Visite de Clinatec : un laboratoire unique en France qui explore la médecine de demain. Ingénieurs et médecins y travaillent notamment sur un système robotisé qui permet de refaire marcher des patients entièrement paralysés.

Le professeur Alim-Louis Benabid est le co-fondateur de Clinatec
Le professeur Alim-Louis Benabid est le co-fondateur de Clinatec © Radio France / Hélène Chevallier

Laboratoire créé il y a dix ans et situé à Grenoble, sur le campus du CEA (le Commissariat à l’énergie atomique), Clinatec est un site unique en France : il regroupe à la fois des mathématiciens, des physiciens, des roboticiens, des médecins et… des patients, puisqu’il accueille aussi un mini-hôpital (6 chambres).  

Clinatec teste des traitements alternatifs sur des malades en utilisant des nouvelles technologies

Les recherches portent sur l’obésité, les acouphènes, les TOC (troubles obsessionnels compulsifs) ou encore l’épilepsie. Le principe est souvent le même : l’introduction d’un implant dans le crane, qui va stimuler une partie du cerveau, avec de la lumière par exemple pour les personnes atteintes de la maladie de Parkinson ou avec du froid pour les épileptiques : "Imaginez une sonde, une tige, une électrode. Un système à l'intérieur duquel il y a un matériel qui va permettre de conduire du froid. Le froid va pouvoir se dissiper à l'intérieur du cerveau, qui est à l'origine des crises", explique le docteur Stéphan Chabardès. Le neurochirurgien au CHU de Grenoble, et responsable des activités médicales de Clinatec, espère que cette technologie améliorera la vie des 30 000 épileptiques pour qui les médicaments ne fonctionnent pas en permettant de diminuer "à la fois le nombre des crises mais aussi leur gravité". Là on est encore au stade de la recherche, il faudra encore attendre dix ans, si les essais cliniques sont probants, pour que cette technologie soit disponible. 

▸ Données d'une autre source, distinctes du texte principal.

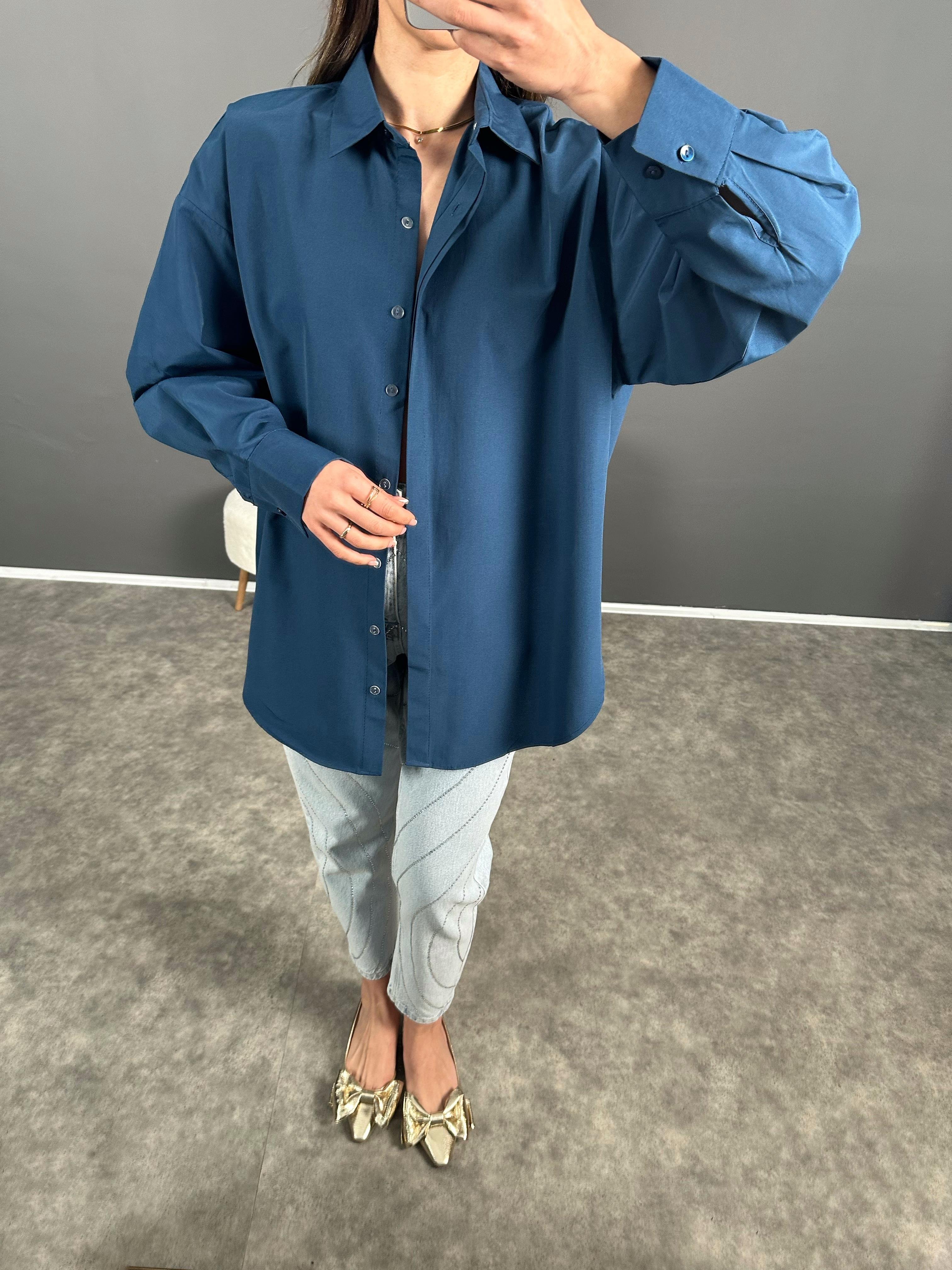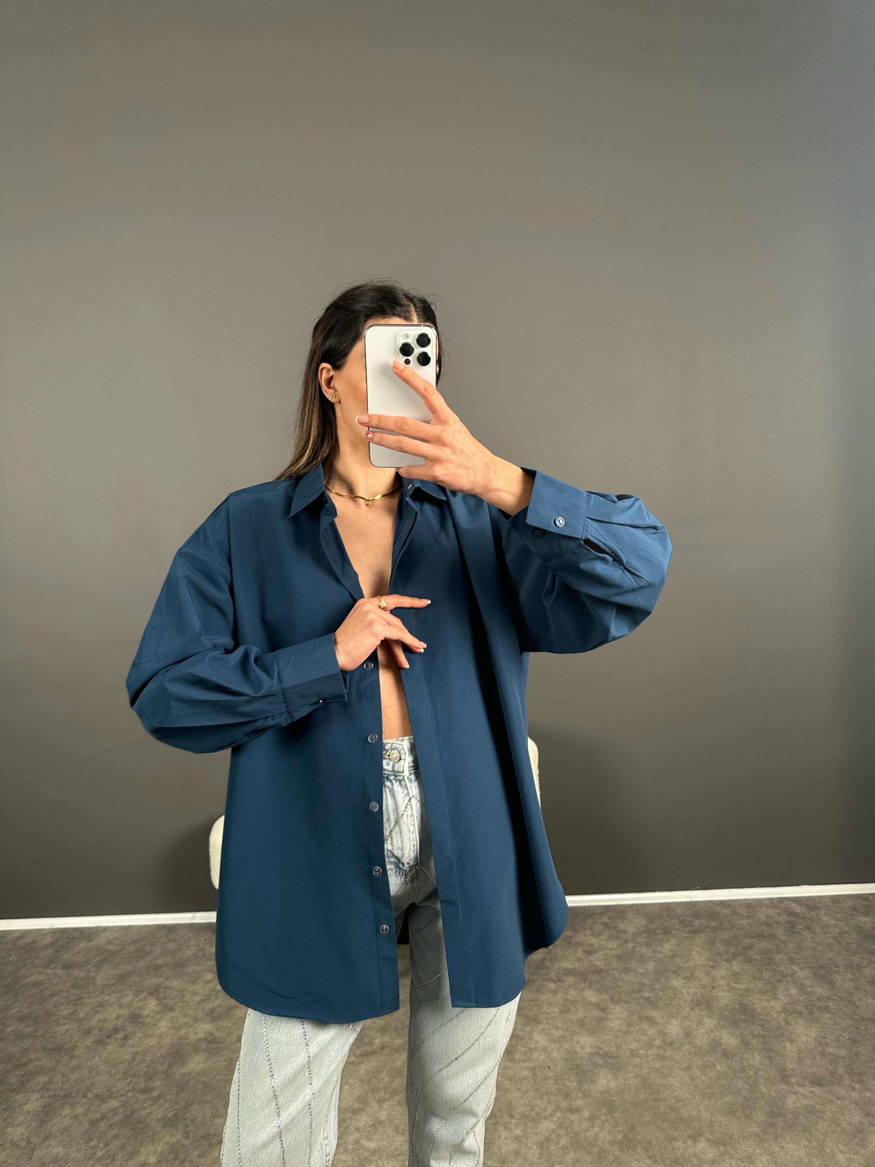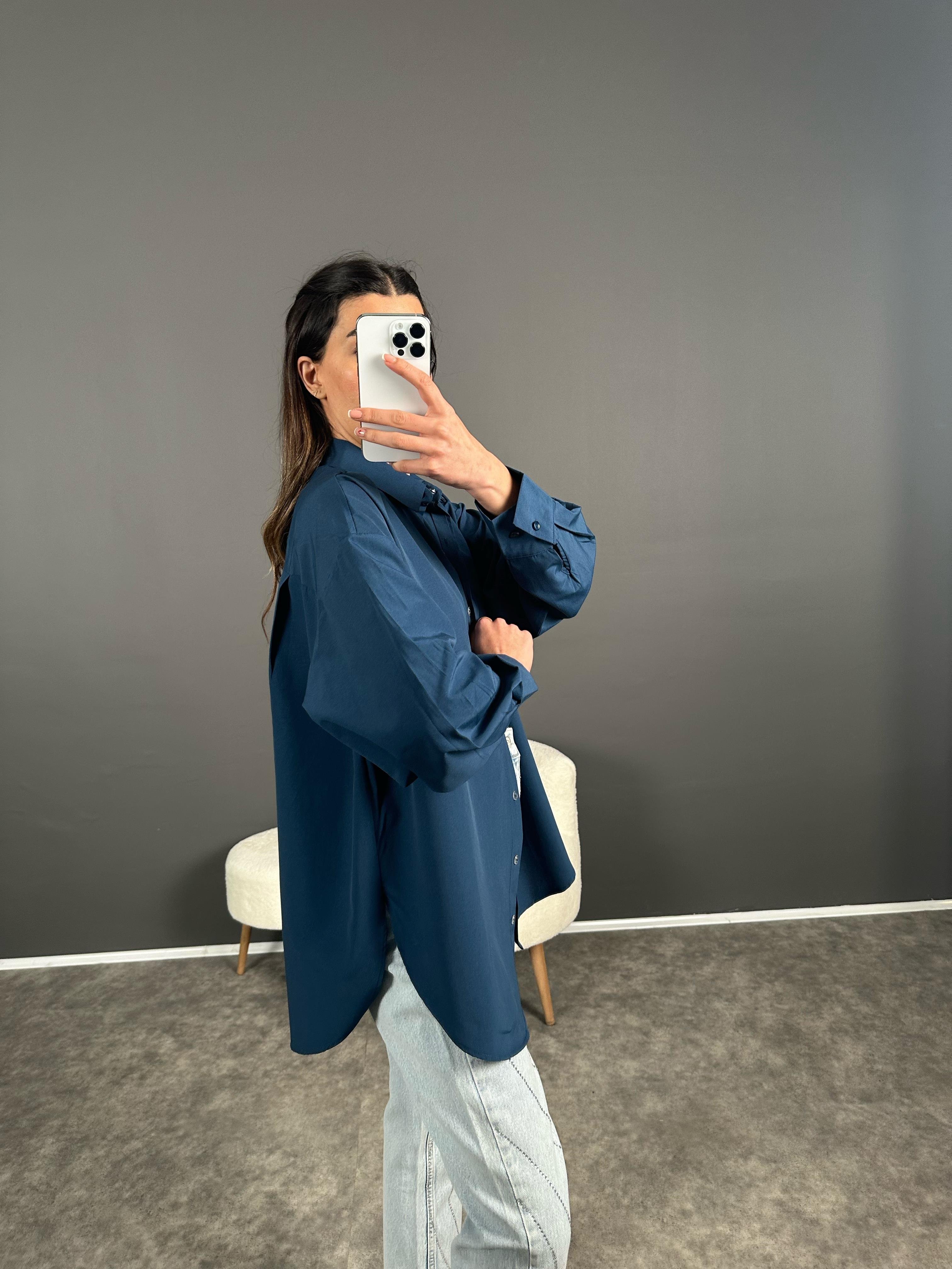 Min Lacivert Oversize Gizli Düğmeli Gömlek

L'implant intégré dans le crane du tétraplégique permet de communiquer les intentions de mouvements à l'exosquelette.
L'implant intégré dans le crane du tétraplégique permet de communiquer les intentions de mouvements à l'exosquelette. © Radio France / Hélène Chevallier

Un exosquelette commandé par la pensée

Depuis un an, un patient paralysé des quatre membres teste cette structure robotisée unique dans laquelle il est maintenu debout. Un exosquelette qui lui a redonné un début de mobilité. Le test clinique se passe pour le moment dans le plus grand secret. Cela fait dix ans que le professeur Alim-Louis Benabid, un des plus grands neuro-chirurgiens au monde et cofondateur de Clinatec, travaille sur ce projet : "Quand il est en position assise, il se lève, ensuite il marche, et ensuite il peut bouger les deux bras. Et il peut tourner le bras pour ouvrir une porte." Un robot uniquement commandé par le cerveau du patient. 

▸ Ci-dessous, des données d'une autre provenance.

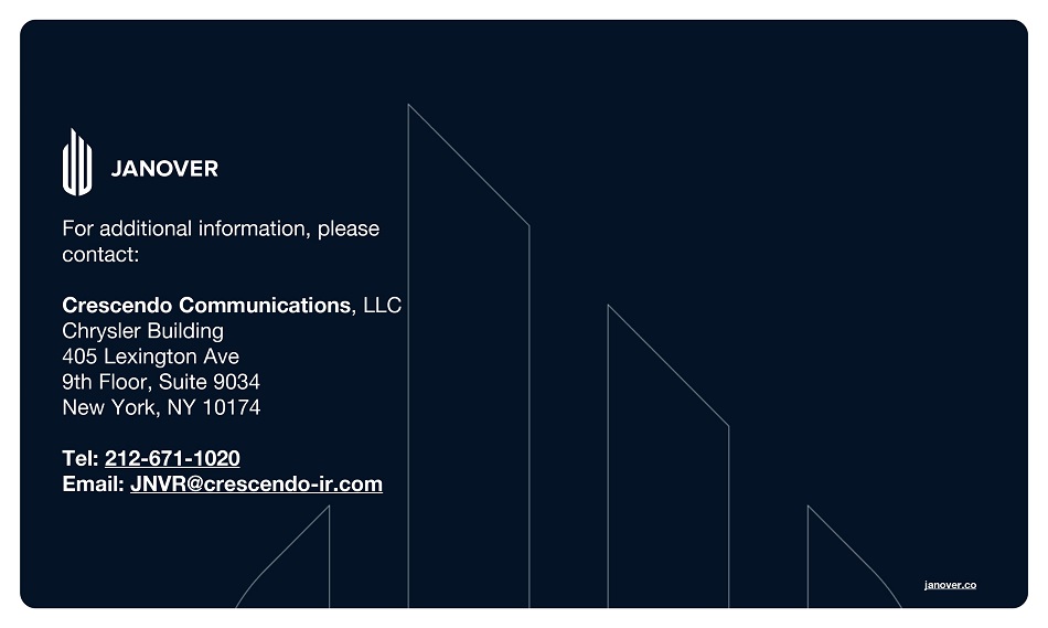 janover.co For additional information, please contact: Crescendo Communications , LLC Chrysler Building 405 Lexington Ave 9th Floor, Suite 9034 New York, NY 10174 Tel: 212 - 671 - 1020 Email: JNVR@crescendo - ir.com
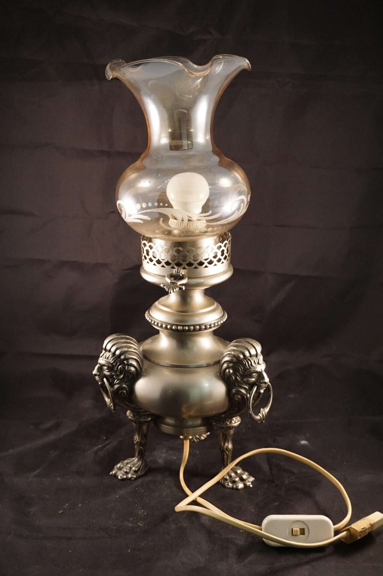 Oude metalen tafellamp met een sierlijk ontwerp, inclusief leeuwenkoppen en -poten. Het heeft een glazen kap en een gloeilamp, en het is aangesloten op een modern elektrisch snoer met een schakelaar.
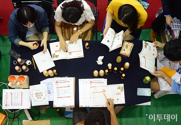 중앙대학교 2013 취업박람회가 2일 오후 동작구 중앙대학교 흑석캠퍼스 체육관에서 열렸다. 박람회장을 찾은 학생들이 취업상담을 받고 있다. 이날 열린 취업박람회에는 삼성, LG, 두산, SK, 한국가스공사 등 120여 곳의 대기업 및 공기업이 참가했다. 노진환 기자 myfixer@

C’est LA performance de cette innovation : l’exosquelette communique avec le tétraplégique grâce à un implant placé dans son cerveau qui détecte les intentions de mouvements. "Quand le patient va imaginer bouger son bras, derrière cela va générer une activité cérébrale spécifique au niveau du cortex moteur. Et c'est cette activité cérébrale qui est ensuite décodée pour être convertie en commandes du robot", explique Guillaume Charvet, l’ingénieur en charge du développement technologique de cet implant. Mais pour que cela fonctionne, il faut s'entraîner : l'unique patient qui teste l’exosquelette se rend cinq jours par mois à Clinatec pour s'exercer. L'équipe ne devrait pas tarder à publier les premiers résultats.